_What you should do_. Your task is to restate word for word the lines in the material below, from the one with "This mirror is" up to and including the one with "Shoot your way". Do not carry over the pictures.

_Records supplied_.
----

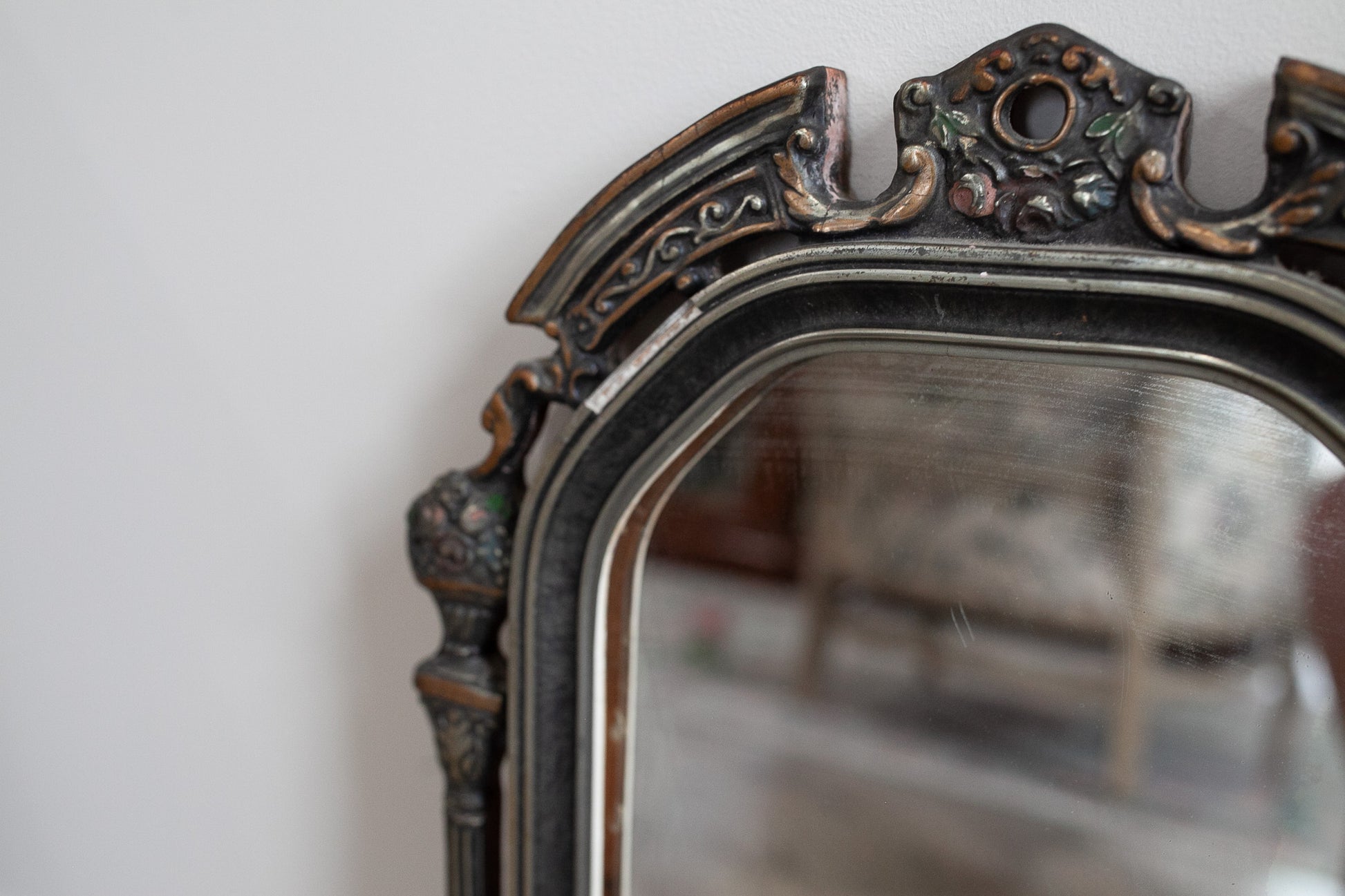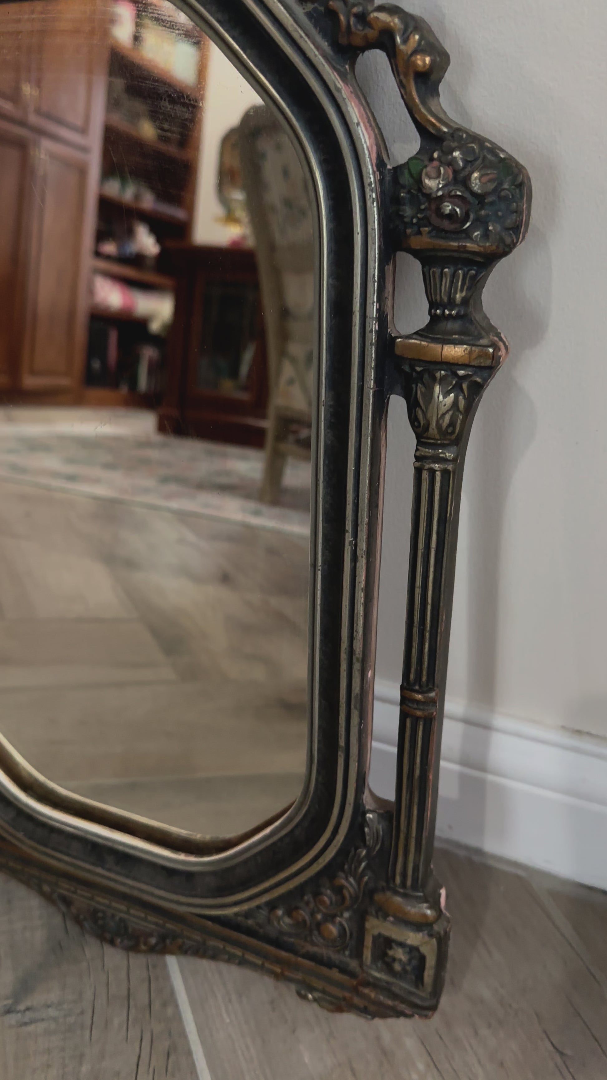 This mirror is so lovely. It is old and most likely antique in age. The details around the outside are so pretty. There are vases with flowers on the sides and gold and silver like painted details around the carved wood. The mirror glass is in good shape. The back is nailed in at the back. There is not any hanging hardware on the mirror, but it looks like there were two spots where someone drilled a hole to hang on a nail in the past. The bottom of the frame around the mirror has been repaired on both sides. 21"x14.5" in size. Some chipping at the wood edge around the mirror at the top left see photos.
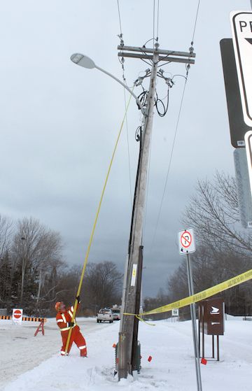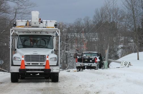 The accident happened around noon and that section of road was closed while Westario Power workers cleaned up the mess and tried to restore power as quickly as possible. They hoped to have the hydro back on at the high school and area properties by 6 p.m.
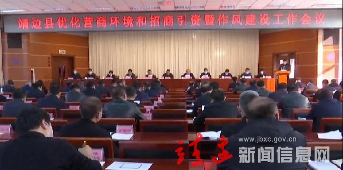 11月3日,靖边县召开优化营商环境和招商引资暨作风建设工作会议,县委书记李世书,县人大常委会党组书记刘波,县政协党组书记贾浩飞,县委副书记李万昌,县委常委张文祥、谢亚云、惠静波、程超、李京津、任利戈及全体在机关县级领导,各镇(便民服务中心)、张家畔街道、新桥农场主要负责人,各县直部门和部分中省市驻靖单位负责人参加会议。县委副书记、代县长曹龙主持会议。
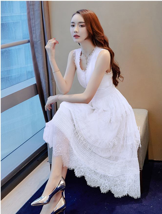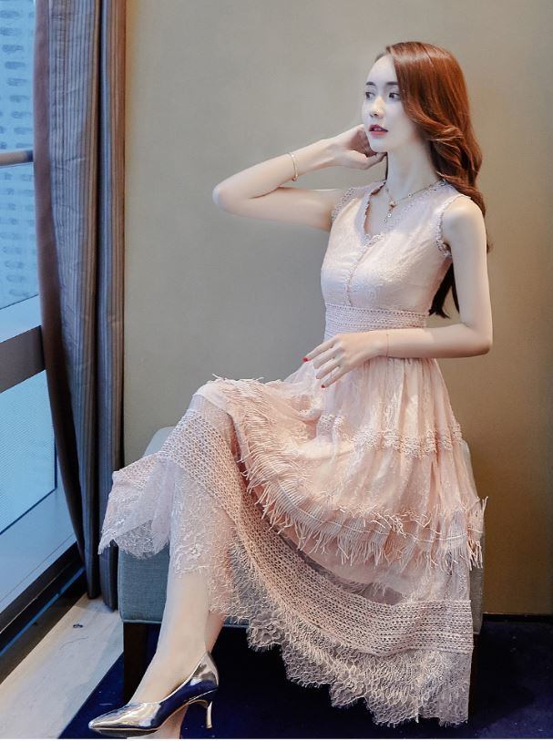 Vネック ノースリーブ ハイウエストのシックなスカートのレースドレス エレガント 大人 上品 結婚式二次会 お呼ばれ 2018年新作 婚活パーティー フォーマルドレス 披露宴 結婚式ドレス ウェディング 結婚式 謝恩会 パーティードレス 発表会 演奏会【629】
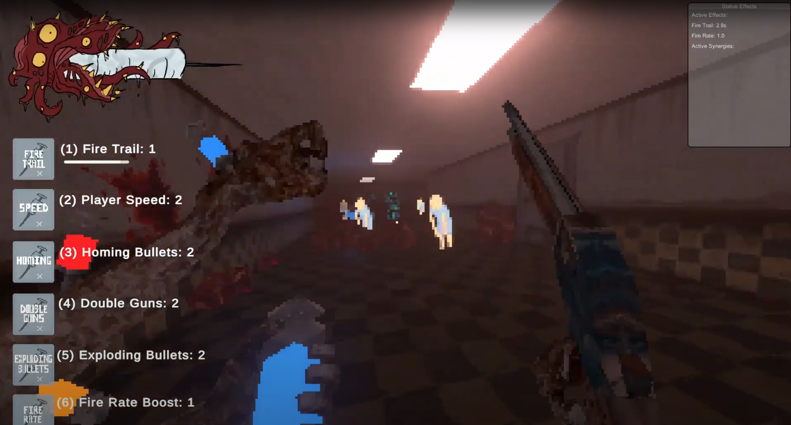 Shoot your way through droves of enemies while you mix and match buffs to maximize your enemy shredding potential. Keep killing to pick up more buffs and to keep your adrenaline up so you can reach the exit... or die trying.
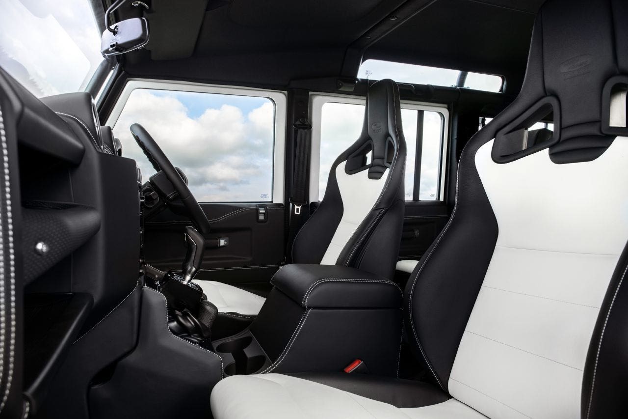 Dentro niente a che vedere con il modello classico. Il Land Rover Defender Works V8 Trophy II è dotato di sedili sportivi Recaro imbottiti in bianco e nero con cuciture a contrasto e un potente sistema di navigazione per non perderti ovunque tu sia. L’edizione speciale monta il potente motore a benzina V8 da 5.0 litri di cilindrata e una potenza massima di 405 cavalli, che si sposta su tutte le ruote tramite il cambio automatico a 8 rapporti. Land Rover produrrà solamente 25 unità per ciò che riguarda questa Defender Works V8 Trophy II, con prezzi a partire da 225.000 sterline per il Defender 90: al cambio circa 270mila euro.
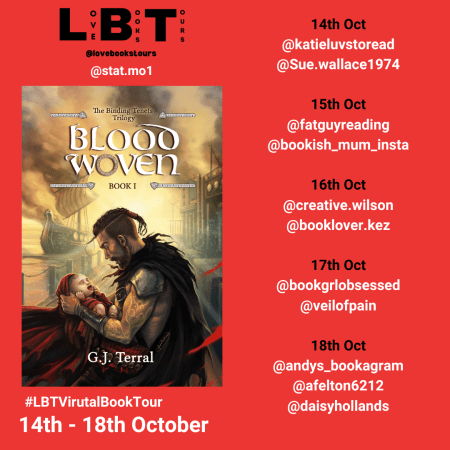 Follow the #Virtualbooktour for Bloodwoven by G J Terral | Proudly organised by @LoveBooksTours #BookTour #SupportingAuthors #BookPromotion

----

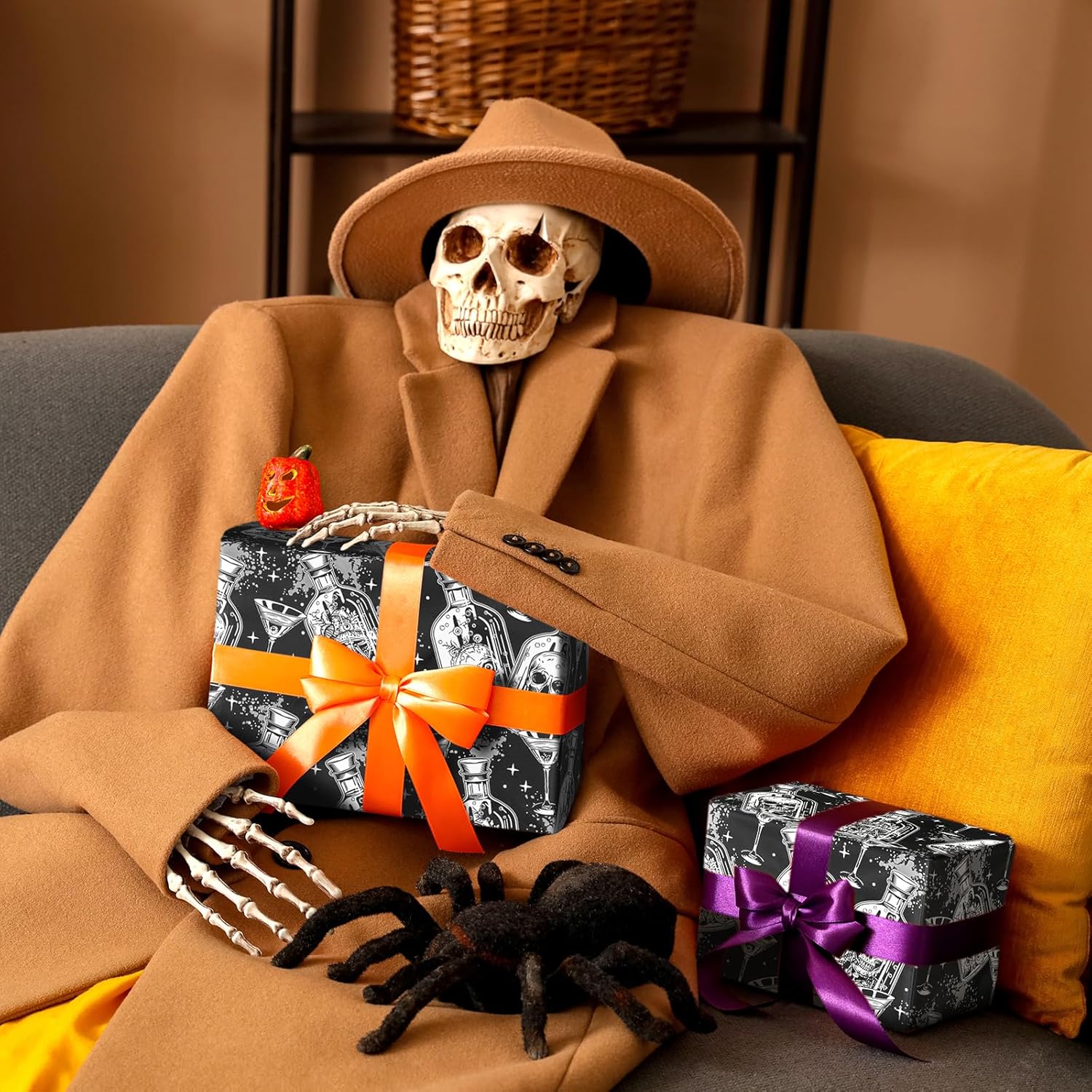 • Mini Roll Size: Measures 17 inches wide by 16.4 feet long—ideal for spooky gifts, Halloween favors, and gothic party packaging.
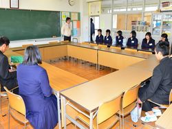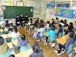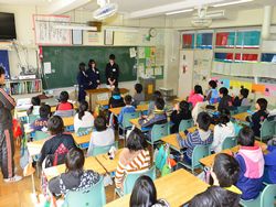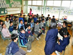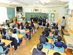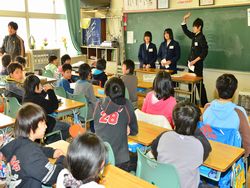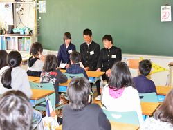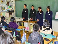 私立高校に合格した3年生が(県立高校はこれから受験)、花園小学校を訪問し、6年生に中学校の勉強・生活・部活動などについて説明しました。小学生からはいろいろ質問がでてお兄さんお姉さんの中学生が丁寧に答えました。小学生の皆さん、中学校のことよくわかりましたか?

----

_Completed task_.
 This mirror is so lovely. It is old and most likely antique in age. The details around the outside are so pretty. There are vases with flowers on the sides and gold and silver like painted details around the carved wood. The mirror glass is in good shape. The back is nailed in at the back. There is not any hanging hardware on the mirror, but it looks like there were two spots where someone drilled a hole to hang on a nail in the past. The bottom of the frame around the mirror has been repaired on both sides. 21"x14.5" in size. Some chipping at the wood edge around the mirror at the top left see photos.
 The accident happened around noon and that section of road was closed while Westario Power workers cleaned up the mess and tried to restore power as quickly as possible. They hoped to have the hydro back on at the high school and area properties by 6 p.m.
 11月3日,靖边县召开优化营商环境和招商引资暨作风建设工作会议,县委书记李世书,县人大常委会党组书记刘波,县政协党组书记贾浩飞,县委副书记李万昌,县委常委张文祥、谢亚云、惠静波、程超、李京津、任利戈及全体在机关县级领导,各镇(便民服务中心)、张家畔街道、新桥农场主要负责人,各县直部门和部分中省市驻靖单位负责人参加会议。县委副书记、代县长曹龙主持会议。
 Vネック ノースリーブ ハイウエストのシックなスカートのレースドレス エレガント 大人 上品 結婚式二次会 お呼ばれ 2018年新作 婚活パーティー フォーマルドレス 披露宴 結婚式ドレス ウェディング 結婚式 謝恩会 パーティードレス 発表会 演奏会【629】
 Shoot your way through droves of enemies while you mix and match buffs to maximize your enemy shredding potential. Keep killing to pick up more buffs and to keep your adrenaline up so you can reach the exit... or die trying.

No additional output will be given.